Preparation example: preparation of ZIF-8

Preparation examples 1 to 1: preparation of Zinc nitrate hexahydrate solution

0.4g of zinc nitrate hexahydrate was completely dissolved in 1.6g of H₂And (4) in O. At this time, H was used after adjusting pH to 8.0 with NaOH₂O, and subjected to ultrasonic treatment for 5 minutes to completely dissolve. Thereafter, 8ml of deionized water was added and stirred at 300RPM for 30 minutes.

Preparation examples 1 to 2: preparation of 2-methylimidazole (2-methylimidazole) solution

4.0g of 2-methylimidazole were completely dissolved in 16.0g of deionized water. At this time, ultrasonic treatment is performed for 30 minutes or more to completely dissolve the compound.

Preparation examples 1 to 3: synthesis of ZIF-8

The 2-methylimidazole solution of preparation example 1-2 was added dropwise to the zinc nitrate hexahydrate solution of preparation example 1-1, and stirred at 300RPM for 30 minutes.

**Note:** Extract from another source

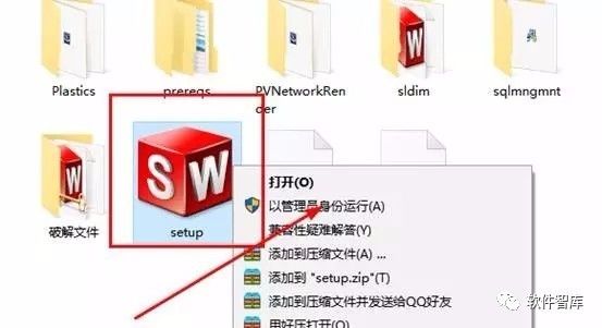 12.下面开始破解,打开破解文件夹,找到“SW2010-2016.Activator.GUI.SSQ.exe”,右击选择【以管理的身份运行】

By this process, in Zn²⁺To form an imidazole bridge (bridge) and synthesize a ligand, thereby forming ZIF-8. The resulting ZIF-8 was washed and then dried at 70 ℃ for 7 hours and 30 minutes.

Preparation examples 1 to 4: ZIF-8 Wash

Washing was performed by centrifugation 2 times using distilled water and then 2 times using ethanol. At this time, the conditions for centrifugal separation were 4000RPM for 15 minutes (Universal 320/Germany (Germany)).